So these days humility is the name of the game, and chances are good this has also happened to you. You walk from one room to another with the express purpose of—wha … ? It’s another memory lapse. When it happens to me, I smack my forehead to chide my neurons, and sometimes that helps. Laughter always does. Did I really need that Pop Tart?
There’s good news, however, and since it comes from the world of science, I already feel smarter. This kind of memory lapse has a name: the Doorway Effect. If we move through space with a specific intention, we are more likely to forget that goal if we go through a doorway than if we walk the same distance from one side of a room to the other. It turns out that each time we go through a doorway, our reptile brain tells us to jettison everything we can so that we are fully alert to the present: new is dangerous. From an evolutionary standpoint, the doorway effect makes perfect sense.
For me, the phenomenon raises interesting questions about memory. It’s an overworked metaphor, but life really is a series of doorways, a series of initiations. First kiss, first job. First marriage. To what extent do we have to ‘unremember’ the past to be free to invent the future?
I recently visited London, England, and made a pilgrimage to 43 Portman Square, where I worked as a clerk when I was twenty. Those six months were both frightening and thrilling: far away from home, I was discovering who I was, who I could be. (It turned out I could be a big fan of pubs.) The façade of the old building was as I remembered, but peering through the double doors, I could see that the interior was vastly different, spacious, light filled. At first I was disappointed that my body didn’t remember my exhilaration or my fear—but then I felt lighter, easier. I didn’t need to carry the weight of memory through that door. I had already arrived, safely.

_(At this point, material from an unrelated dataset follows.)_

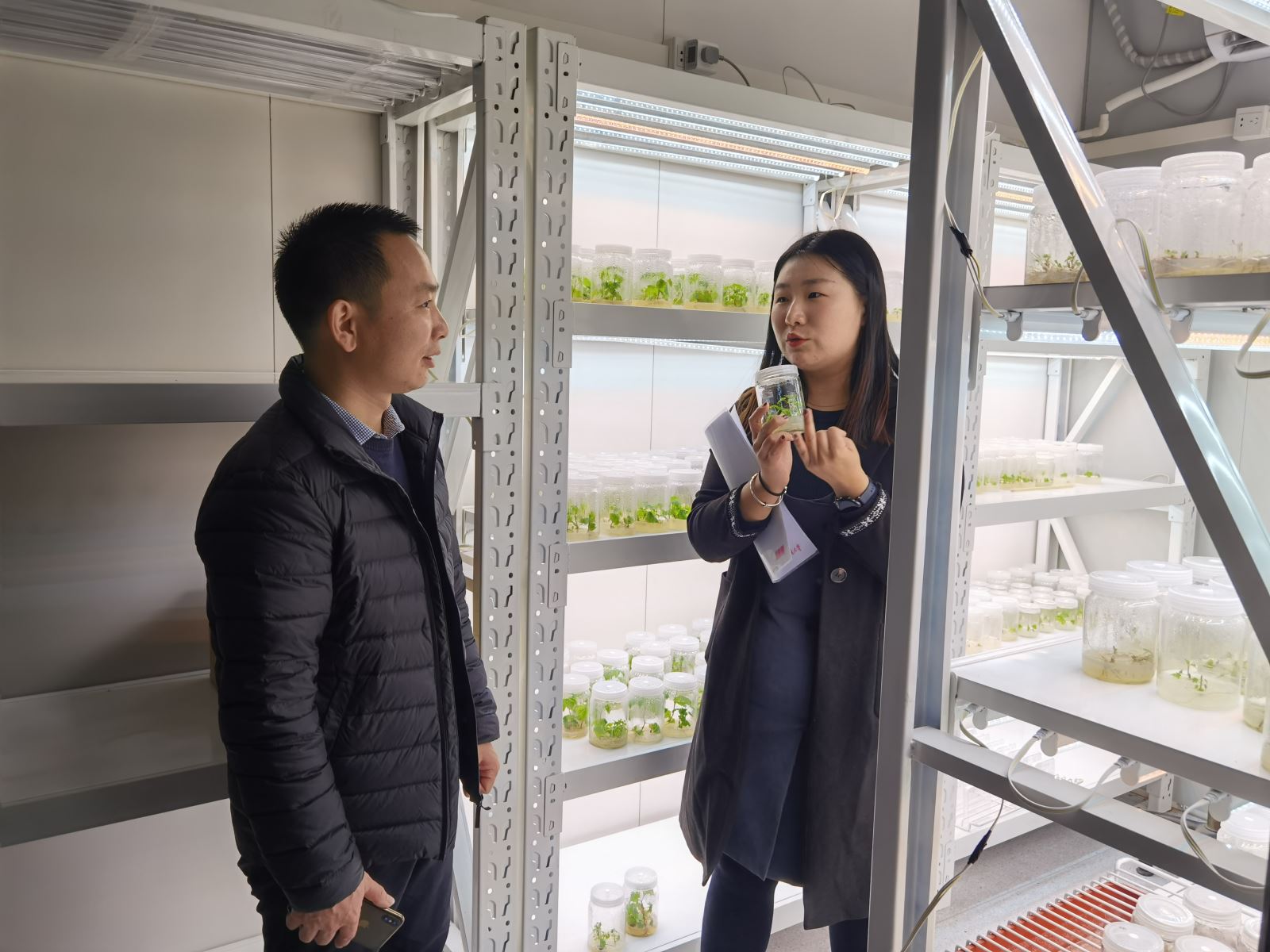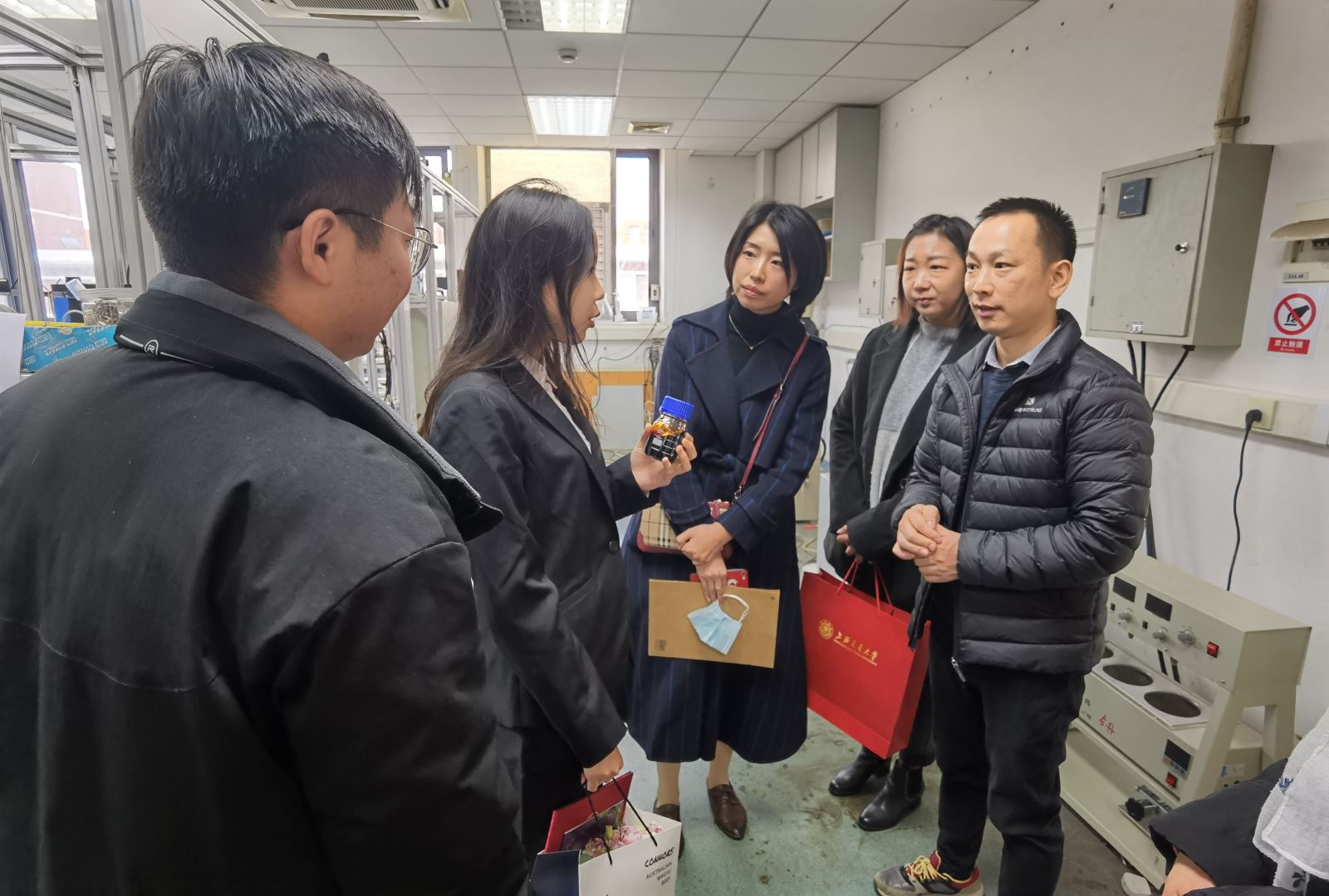 会后,获奖学生带领朝珈公司来宾前往参观各自的实验室,并向他们介绍了日常的科研学习生活。

I still feel frustrated when my short-term memory sticks it to me, but one of the perks of getting older is that we can take the long view. Sometimes our forgetting is a reminder to ask some important questions: What do we really need to bring with us each time we pass through a doorway? A sense of wonder? Yes. Humility? Yes.
And maybe a Pop Tart. Said she, archly.
Congratulations for such a wonderful article, Jean.
I didn’t know this phenomenon was called “the Doorway Effect” and that it had a scientific explanation.
A well- written informative piece delivered with the perfect amount of personal history and humour.
Thank you!
I forgot what I was going to write. No wait, I remember. 😉
A treat, as always, to read your stories, Shep!